*** Data for the task

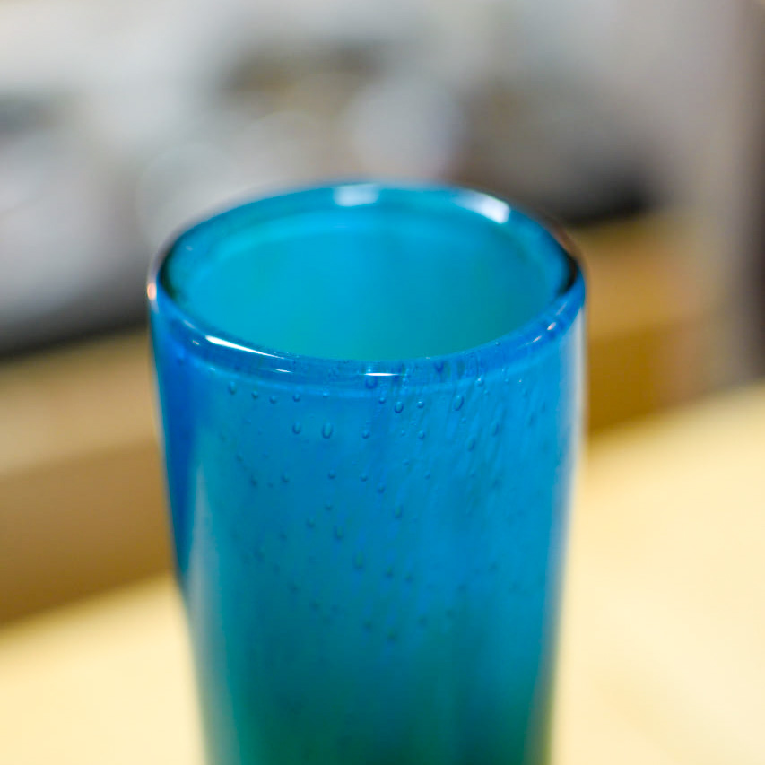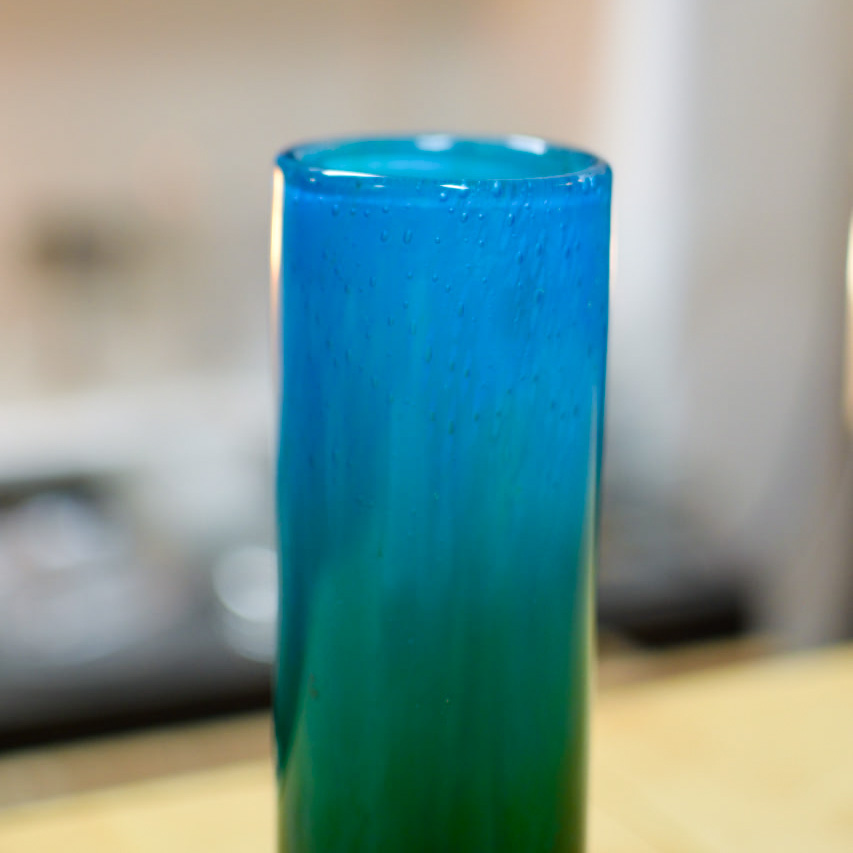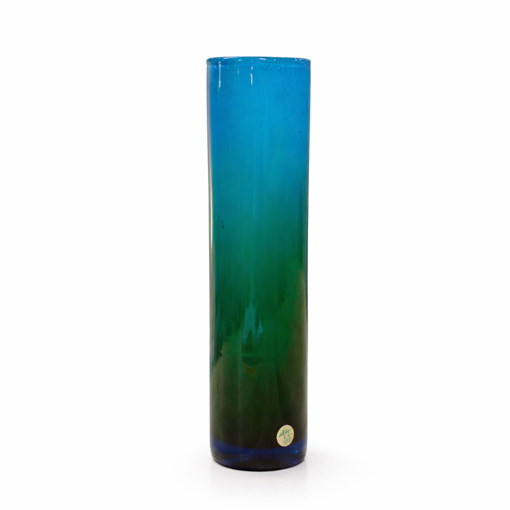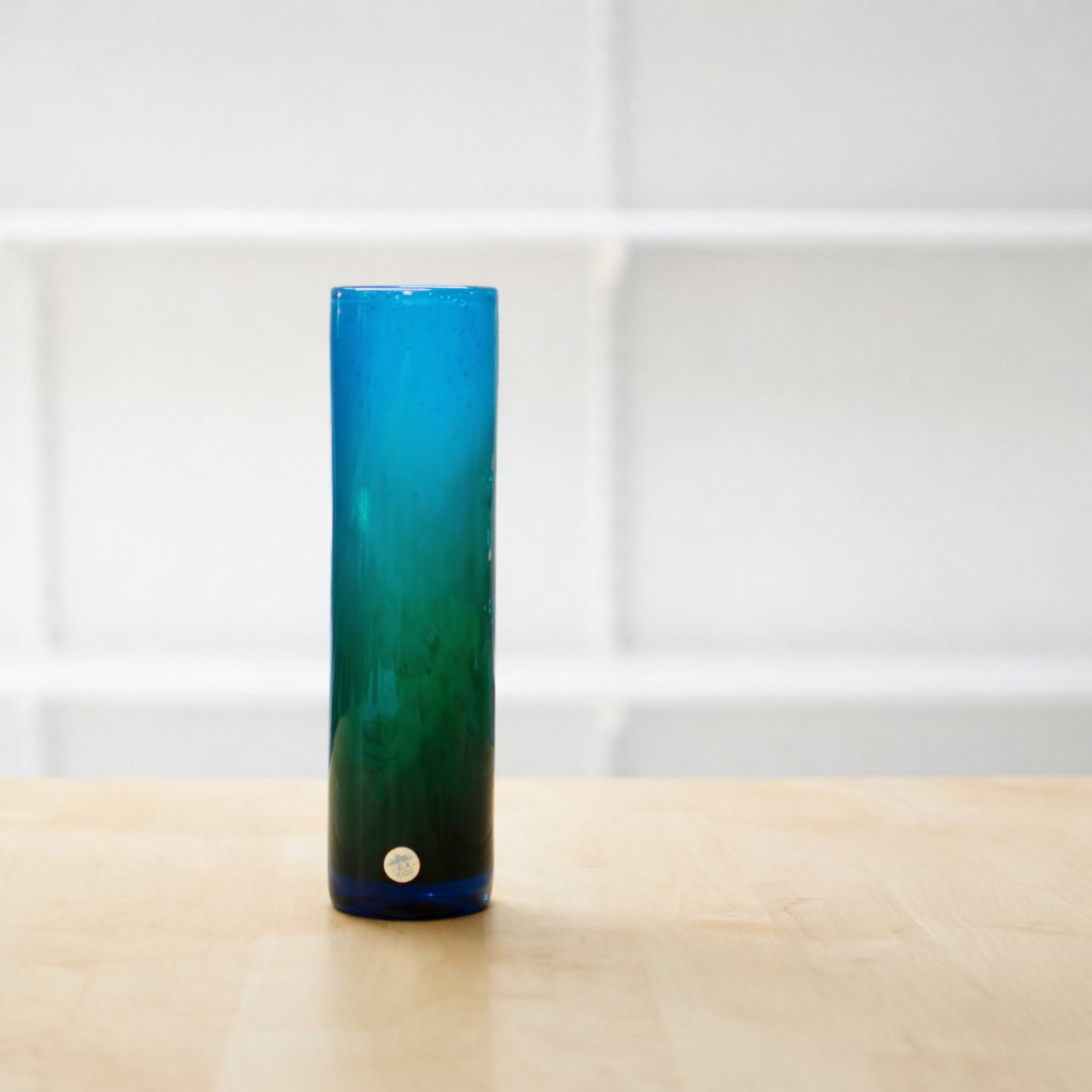 Denna munblåsta vas har en harmonisk färgövergång från djupblått till grönt, vilket skapar en vacker illusion av rörelse och djup. Den rena cylindriska formen är typisk för Lakes formspråk – en kombination av nordisk enkelhet och konstnärlig precision.
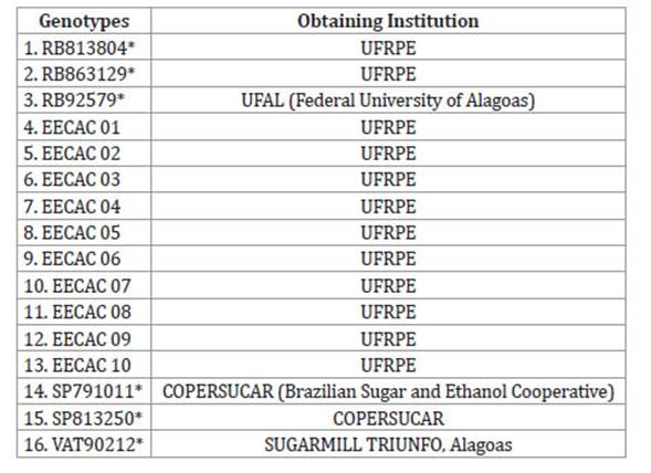 Sixteen genotypes were evaluated: ten promising clones from the sugarcane genetic breeding Program of the Federal Rural University of Pernambuco, affiliated to the Interuniversity Network for the Development of the Sugar and Energy Sector (PMGCA/UFRPE/ RIDESA), and six standard commercial varieties (Table 1).
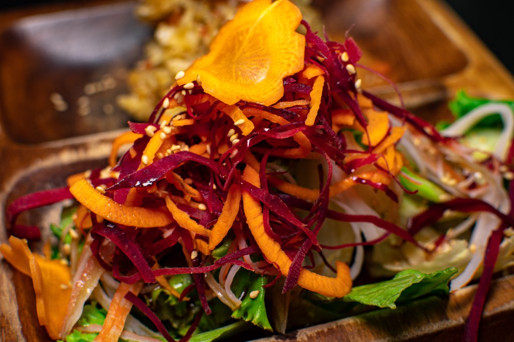 Para empezar, la ensalada mixta es una opción para abrir el apetito, la cual se sirve la lechuga acompañada de betabel, zanahoria, pepino y una salsa agridulce con ajonjolí que le da su toque muy especial, transformándola de ser una simple ensalada de vegetales a un platillo sustancioso que es muy agradable al paladar; su toque secreto es definitivamente esa salsa.
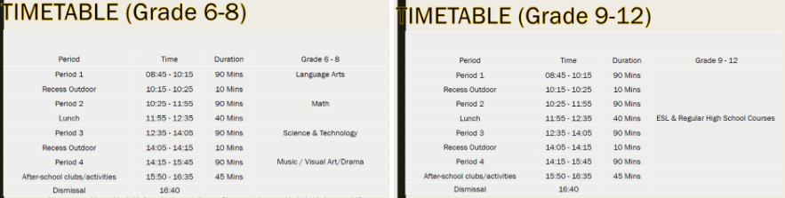 하루 일정 (월~금) : 오전 8:45~오후 4:35
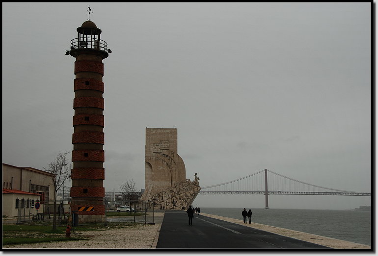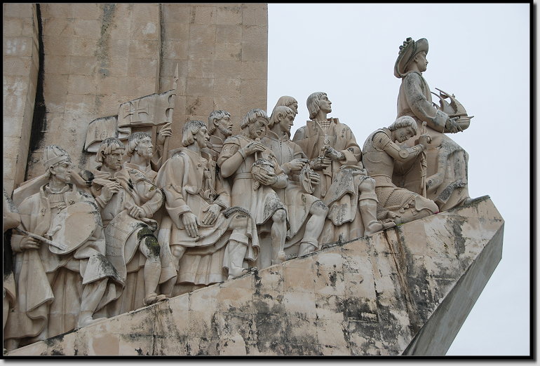 Eine Innenbesichtigung schenkten wir uns und schlenderten stattdessen das Flussufer entlang zum 50 Meter hohen Denkmal der Entdeckungen. Ein kräftiger Wind schubste uns regelrecht in diese Richtung. Das Denkmal wurde 1960 zum 500. Todestag Heinrich des Seefahrers errichtet. Er und weitere wichtige Persönlichkeiten aus der Zeit der Entdeckungen schauen in Stein gehauen auf den Tejo.
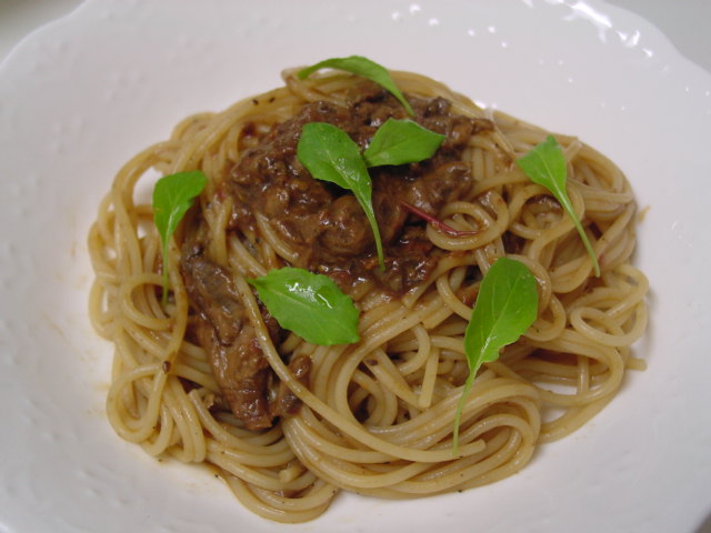 今日のパスタ・ソースは乾燥フンギ・ポルチーニを戻して、トマトと煮込んで作ってみましたが、なんだか味にこくがなかったので、バルサミコ酢も入ちゃった・・・ケレド◎◎!!
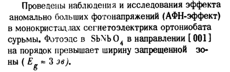 Проведены наблюдения и исследования эффекта аномально больших фотонапряжений (АФН-эффект) в монокристаллах сегнетоэлектрика ортониобата сурьмы. Фотоэдс в SbNb04 в направлении [001] на порядок превышает ширину запрещенной зоны ( Ε « 3 эв)9
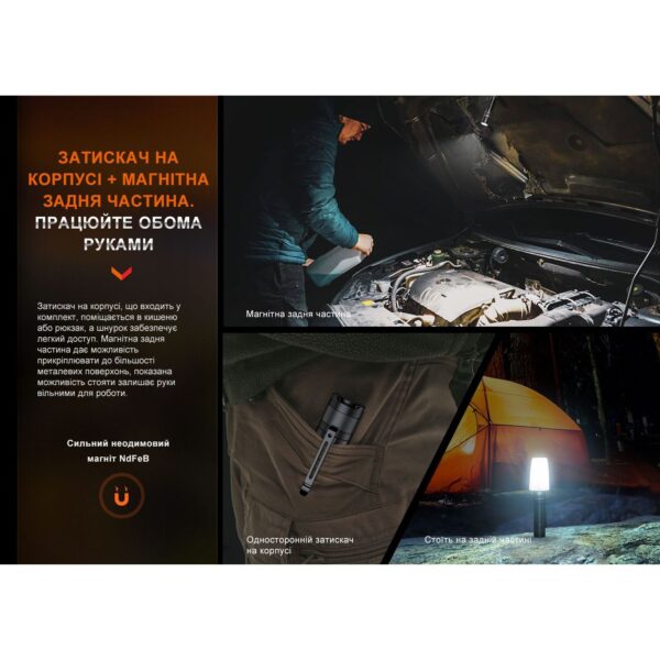 E35R удобно держать в руке, так как на корпусе имеется маленькая накатка. Модель также можно закрепить на ремне/кармане одежды с помощью съемной клипсы или зафиксировать на любой металлической поверхности с помощью магнита в хвосте, освободив руки для выполнения важных задач.
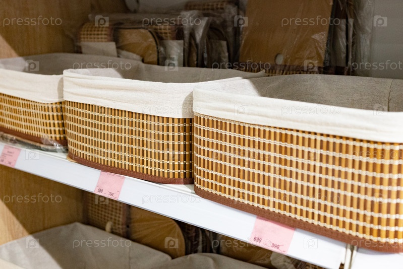 Пустая плетеная корзина на кухонном столе, на фоне мраморной стены. корзина для хлеба и фруктов
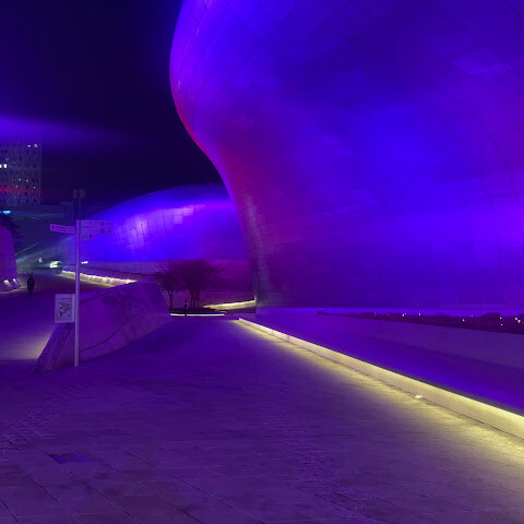 제게 있어 서울 여행의 하이라이트입니다! 복합 시설의 디자인은 믿을 수 없을 정도로 아름답고 다채롭습니다. 자하 하디드는 건축의 천재였죠!
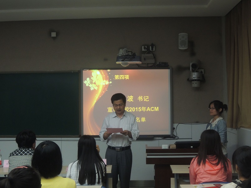 接着,与会嘉宾为在本届比赛中获得各类奖项的60名学生颁发了荣誉证书及奖品。根据比赛成绩和个人意愿,共从获奖选手中选拔出33人加入万象城官网2015年ACM集训队,学院党委书记胡波老师宣读了2015年ACM集训队名单。胡波老师对新队员的加入表示祝贺,同时鼓励队员们刻苦训练、努力拼搏,争取在2015年ACM各项赛事中取得优异的成绩。

******

▶ **Exercise goal**: In the answer, include exactly the lines from the top of the entries through the line containing "하루 일정 (월~금) : 오전 8:45~오후 4:35", and nothing else, not even the pictures.

▶ **Your response**:
 Denna munblåsta vas har en harmonisk färgövergång från djupblått till grönt, vilket skapar en vacker illusion av rörelse och djup. Den rena cylindriska formen är typisk för Lakes formspråk – en kombination av nordisk enkelhet och konstnärlig precision.
 Sixteen genotypes were evaluated: ten promising clones from the sugarcane genetic breeding Program of the Federal Rural University of Pernambuco, affiliated to the Interuniversity Network for the Development of the Sugar and Energy Sector (PMGCA/UFRPE/ RIDESA), and six standard commercial varieties (Table 1).
 Para empezar, la ensalada mixta es una opción para abrir el apetito, la cual se sirve la lechuga acompañada de betabel, zanahoria, pepino y una salsa agridulce con ajonjolí que le da su toque muy especial, transformándola de ser una simple ensalada de vegetales a un platillo sustancioso que es muy agradable al paladar; su toque secreto es definitivamente esa salsa.
 하루 일정 (월~금) : 오전 8:45~오후 4:35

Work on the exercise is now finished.